タバコはダメ

妊活中というのは妊娠を実際にしている状態ではないので、タバコを吸っていたとしてもその影響が今後お腹に来てくれた胎児に「直接影響」することはほぼありません。例えば今日タバコを吸っていて、半年後にどうにか禁煙することができて、1年後に妊娠したとすると、今日のタバコの影響が1年後の妊娠でお腹に来てくれた胎児に直接影響をすることはほぼない、ということです。

では妊活中にタバコを吸うことは本当に大丈夫なのでしょうか?

妊娠中のタバコは絶対絶対NGですが妊活中は?


冒頭で、今日の喫煙が1年後の妊娠に直接影響をすることはほぼないとお伝えしましたが、これは飽くまで「直接的な」影響についてです。

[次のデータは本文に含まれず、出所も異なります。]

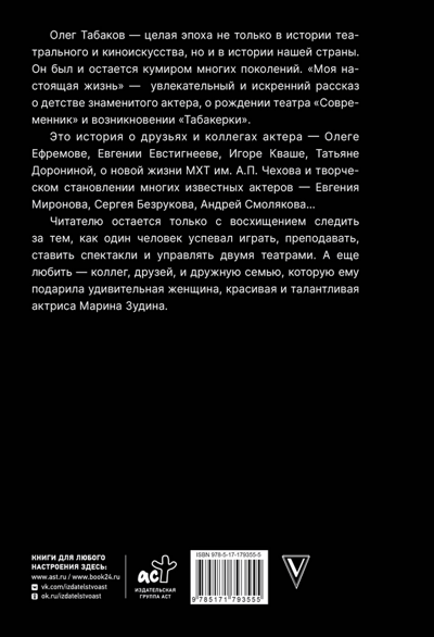 «Моя настоящая жизнь» — это увлекательный, полный интереснейших подробностей рассказ знаменитого актера о своем саратовском детстве, о переезде в Москву и учебе в Школе-студии МХАТ, о рождении театра «Современник», о возникновении «Табакерки», ее постановках, о жизни МХТ им. А.П. Чехова, о сотрудничестве с лучшими режиссерами, о тех, с кем дружил и работал актер (а среди них Г. Волчек, О. Ефремов, Е. Евстигнеев, И. Кваша, Т. Доронина, С. Безруков, В. Машков), и еще много о чем.

実際にはタバコの喫煙は妊娠しやすさに影響を与えるので、妊娠をしたいと考えているなら端から喫煙はしない方が良いのです。というのも、タバコに含まれるニコチンやその他の有毒物質と言うのは、女性ホルモンであるエストロゲンやプロゲステロンの産生を抑え、さらには卵子の遺伝子異常を引き起こしやすくなることが分かっているからです。

つまり、タバコの喫煙は卵子の老化に繋がっていってしまいます。


そのことに加えて、喫煙者と非喫煙者を比べると、喫煙者の方が閉経が早くなる傾向があるので、高齢出産が通常になっている現代では、妊娠可能な期間を長く持つためにも、タバコは絶対にすすめられないのです。


栄養の吸収も悪くなる


またタバコを吸うだけで抗酸化作用のあるビタミンCがどんどん破壊されてしまいます。栄養バランスを考えて食事をしても、タバコを吸うことによって、その栄養の吸収率が下がってしまい、活性酸素が増えたり、体を冷やしたりと、妊活においては、デメリットばかりです。妊活のために葉酸サプリを飲んでいても、当然タバコによって吸収が阻害されてしまいます。

女性の喫煙だけでなく


現代は社会的風潮が喫煙方向にあるので、同じ空間でも分煙がすすんでいて、タバコの煙が嫌であれば避けることもできます。

しかし家族内に喫煙者がいたりする場合は、どう避けてもタバコの煙を浴びてしまう時間は増えますね。実際にはタバコは自分自身が吸い込むタバコの煙より、周りの人が吸ってしまう副流煙の方が害が大きいと言われています。ですから妊活中の人は同居する家族やパートナーが喫煙者である時は、その人にも協力を求めるか、自分が行動を起こしてタバコの煙を吸わないようにするのが大事です。

しかしパートナーに関しては、その人の子どもを妊娠するために妊活しているわけなので、協力というよりむしろ率先してタバコを止めるなり、妊活中の女性の近くで吸わないように配慮をすることが何より大切になってくるでしょう。

タバコをやめられない場合


妊活中、どうしてもタバコをやめられない場合は、禁煙外来にいくのも一つです。タバコをやめるというのは、ダイエットと同じで意志の強さだけではどうにもならない事があります。ニコチンが体から抜けるには、半年から1年と言われているため、時間がかかるんですよね。最低でも、妊娠する3ヶ月前には、タバコはやめておいて欲しいです。

ですので、思い切って、禁煙外来に行ってタバコをやめられるように、協力してもらうといいでしょう。